Schalk I, Zeng K, Wu S K, Stura E A, Matteson J, Huang M, Tandon A, Wilson I A, Balch W E
Department of Molecular Biology, The Scripps Research Institute, La Jolla, California 92037, USA.
Nature. 1996 May 2;381(6577):42-8. doi: 10.1038/381042a0.
The crystal structure of the bovine alpha-isoform of Rab GDP-dissociation inhibitor (GDI), which functions in vesicle-membrane transport to recycle and regulate Rab GTPases, has been determined to a resolution of 1.81 A. GDI is constructed of two main structural units, a large complex multisheet domain I and a smaller alpha-helical domain II. The structural organization of domain I is surprisingly closely related to FAD-containing monooxygenases and oxidases. Sequence-conserved regions common to GDI and the choroideraemia gene product, which delivers Rab to catalytic subunits of Rab geranylgeranyltransferase II, are clustered on one face of the molecule. The two most sequence-conserved regions, which form a compact structure at the apex of GDI, are shown by site-directed mutagenesis to play a critical role in the binding of Rab proteins.

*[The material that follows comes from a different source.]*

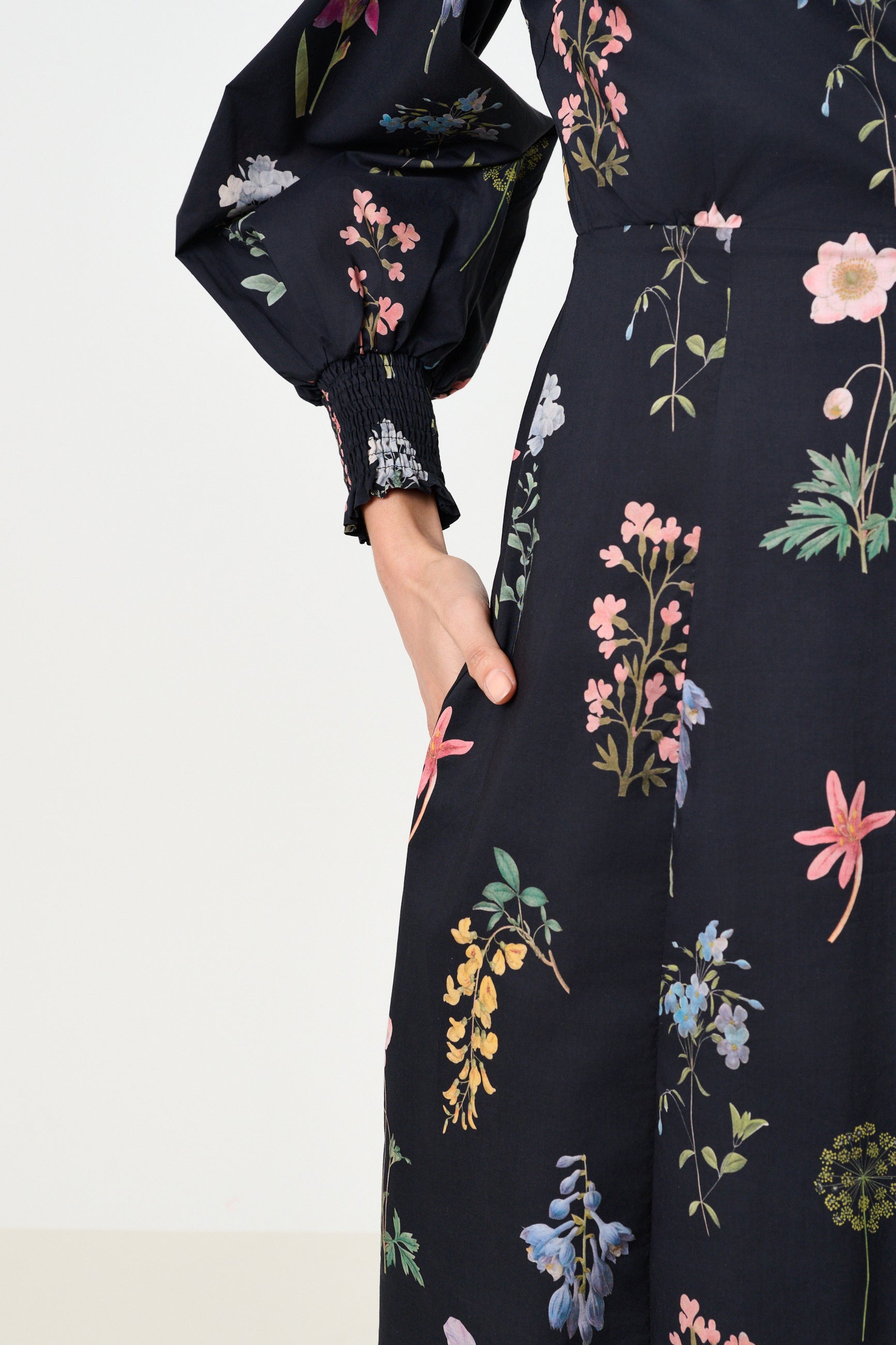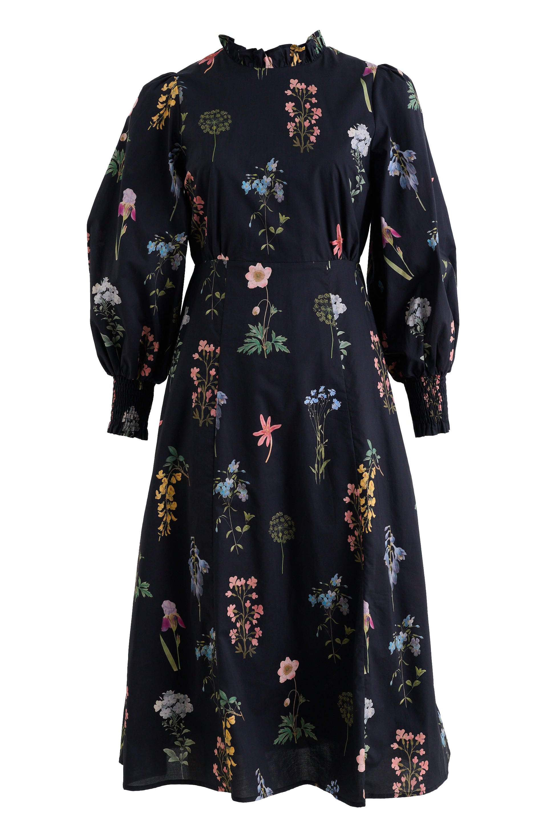 Meet your new desk-to-dinner essential. The Jessie pairs a flattering midi silhouette with a deep navy based botanical flower press print for understated elegance. While the versatile cut means you'll reach for it again and again—whether you're heading to the office or out for the evening. One dress, endless possibilities.

牛源Rab GDP解离抑制剂(GDI)α异构体的晶体结构已被测定,分辨率为1.81埃。该异构体在囊泡-膜运输中发挥作用,以循环利用并调节Rab GTP酶。GDI由两个主要结构单元构成,一个是大型复合多片结构域I,另一个是较小的α螺旋结构域II。结构域I的结构组织与含黄素腺嘌呤二核苷酸(FAD)的单加氧酶和氧化酶惊人地密切相关。GDI与脉络膜血色素基因产物共有的序列保守区域,可将Rab递送至Rab geranylgeranyltransferase II的催化亚基,这些区域聚集在分子的一个面上。两个序列最保守的区域在GDI的顶端形成紧密结构,定点诱变显示它们在Rab蛋白的结合中起关键作用。